Slowly she deteriorated, her skin yellowing, her voice growing faint and husky, the flesh melting from her. She smiled up at Helen, told her that she must not come to visit her so often, held her hand in the hand which was not swollen, said little else, other than that everyone was so good, so good to her.
One of the consultants, whose lectures Helen attended, asked her to go and see him. Fatigue made it seem as if he himself were terminally stricken. Lack of time made it seem as if he were in a state of constant irritation.
‘Your aunt must have been ill for a long time.’ It sounded like an accusation.
Helen was astonished. ‘ Oh, I don’t think so.’

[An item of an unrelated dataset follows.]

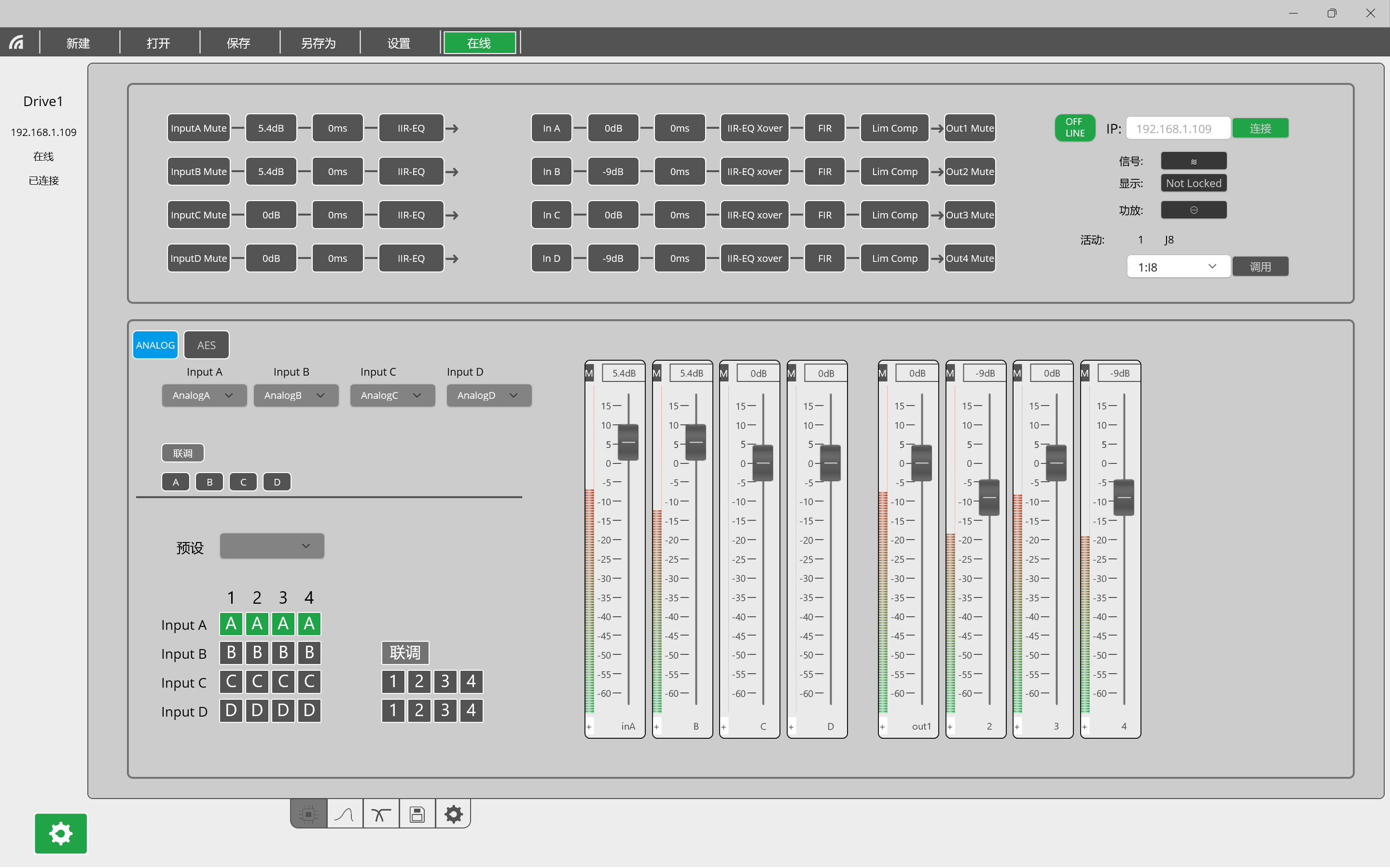 •    DSP & Processing: 96 kHz, 32-bit floating point; FIR + IIR filters, delay, limiters, loudspeaker presets

He stared intently at her across his desk. Then an eyelid flickered involuntarily and he looked down, embarrassed by a physical weakness over which he had no control. ‘Didn’t she run low-grade temperatures?’
‘Not that I know of.’
‘Complain of feeling tired?’
‘Nothing ever tired her. Nothing.’
‘Not want to eat?’
‘She didn’t eat much. But that was because she would give her rations away to others.’ He shrugged. ‘There’s little to be done for her. I’m afraid – she’s
on the way out.’
He began to explain, in technical detail which Helen was already
qualified enough to follow, that Sophie was dying of a blood disease
common enough among children but rare in people of her age.